─── The input

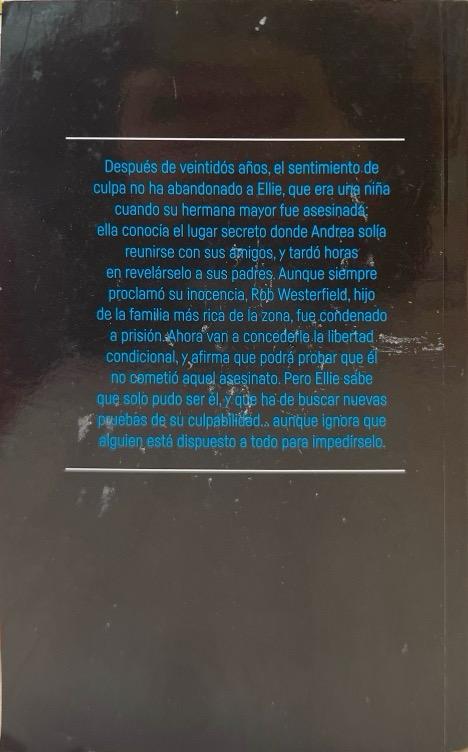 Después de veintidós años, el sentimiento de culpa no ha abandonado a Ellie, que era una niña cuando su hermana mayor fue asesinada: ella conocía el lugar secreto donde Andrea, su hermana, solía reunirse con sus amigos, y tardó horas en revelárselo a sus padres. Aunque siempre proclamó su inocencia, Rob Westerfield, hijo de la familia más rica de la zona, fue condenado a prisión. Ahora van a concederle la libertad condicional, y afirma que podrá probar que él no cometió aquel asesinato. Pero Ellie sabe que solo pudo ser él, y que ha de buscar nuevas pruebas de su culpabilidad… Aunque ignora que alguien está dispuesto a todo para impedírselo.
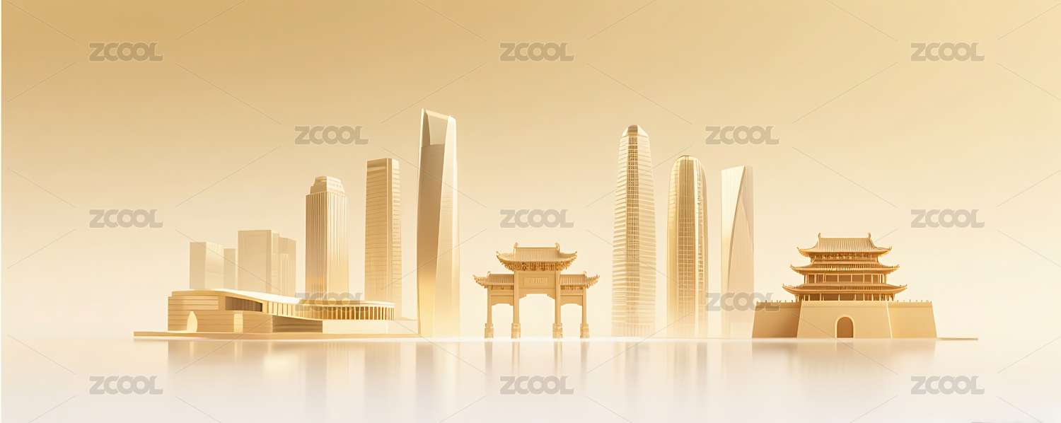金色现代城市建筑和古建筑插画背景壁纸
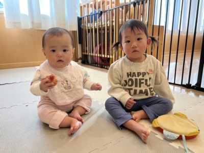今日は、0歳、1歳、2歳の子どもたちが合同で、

──────
─── The input

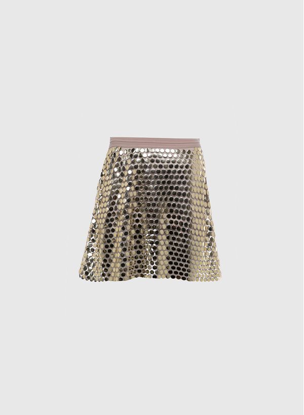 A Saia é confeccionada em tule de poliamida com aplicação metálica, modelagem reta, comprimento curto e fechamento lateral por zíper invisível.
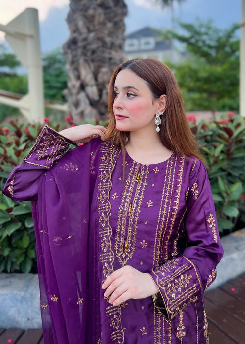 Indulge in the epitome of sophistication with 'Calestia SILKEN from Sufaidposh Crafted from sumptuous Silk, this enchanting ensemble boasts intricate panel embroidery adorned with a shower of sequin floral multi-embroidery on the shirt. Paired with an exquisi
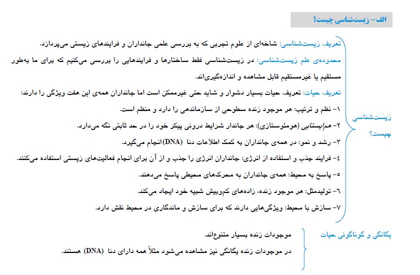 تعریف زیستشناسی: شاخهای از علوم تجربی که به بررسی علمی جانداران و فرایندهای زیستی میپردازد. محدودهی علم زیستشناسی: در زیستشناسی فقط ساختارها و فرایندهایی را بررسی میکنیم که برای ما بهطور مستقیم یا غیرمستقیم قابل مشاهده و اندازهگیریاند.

──────
─── The input

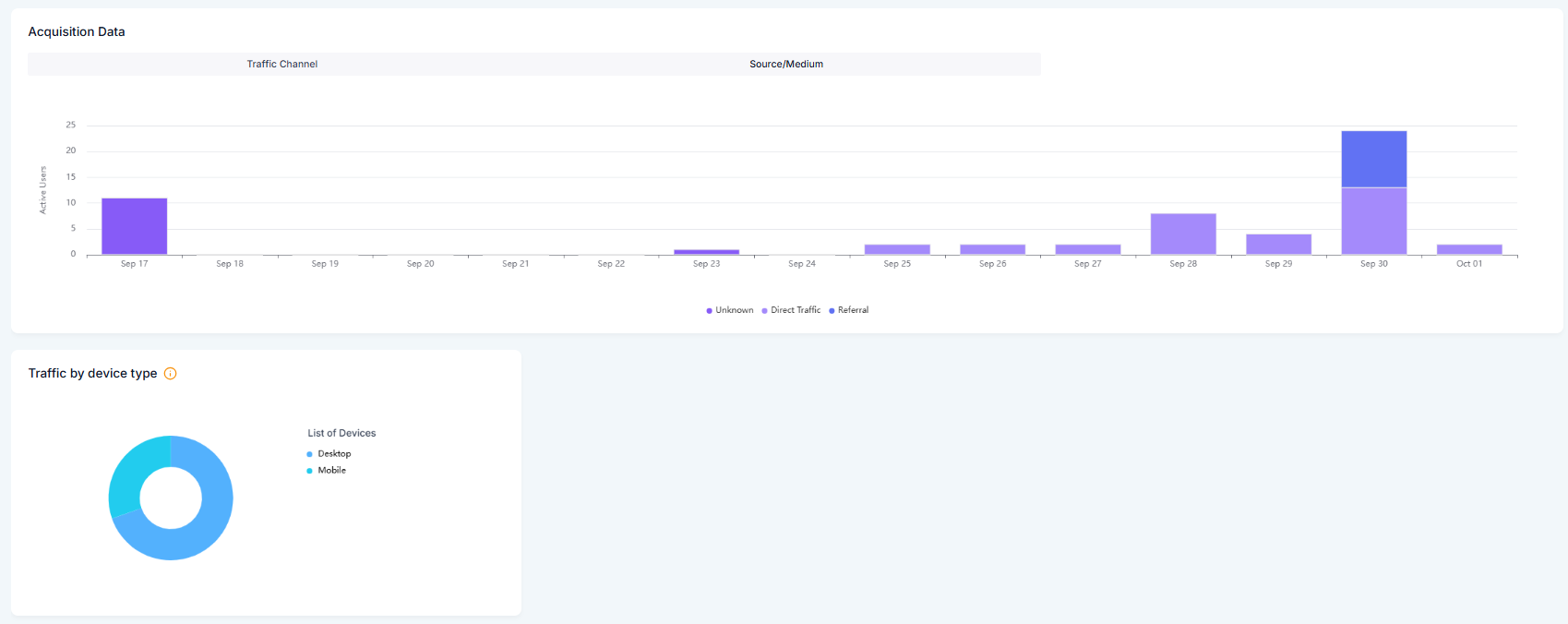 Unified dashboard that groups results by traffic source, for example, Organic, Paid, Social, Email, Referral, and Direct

──────

Prompt: Beginning with the line that contains "Indulge in the", write out the lines of the material above exactly, and end with the line that contains "تعریف زیستشناسی: شاخهای". Omit the pictures.

Response below:
 Indulge in the epitome of sophistication with 'Calestia SILKEN from Sufaidposh Crafted from sumptuous Silk, this enchanting ensemble boasts intricate panel embroidery adorned with a shower of sequin floral multi-embroidery on the shirt. Paired with an exquisi
 تعریف زیستشناسی: شاخهای از علوم تجربی که به بررسی علمی جانداران و فرایندهای زیستی میپردازد. محدودهی علم زیستشناسی: در زیستشناسی فقط ساختارها و فرایندهایی را بررسی میکنیم که برای ما بهطور مستقیم یا غیرمستقیم قابل مشاهده و اندازهگیریاند.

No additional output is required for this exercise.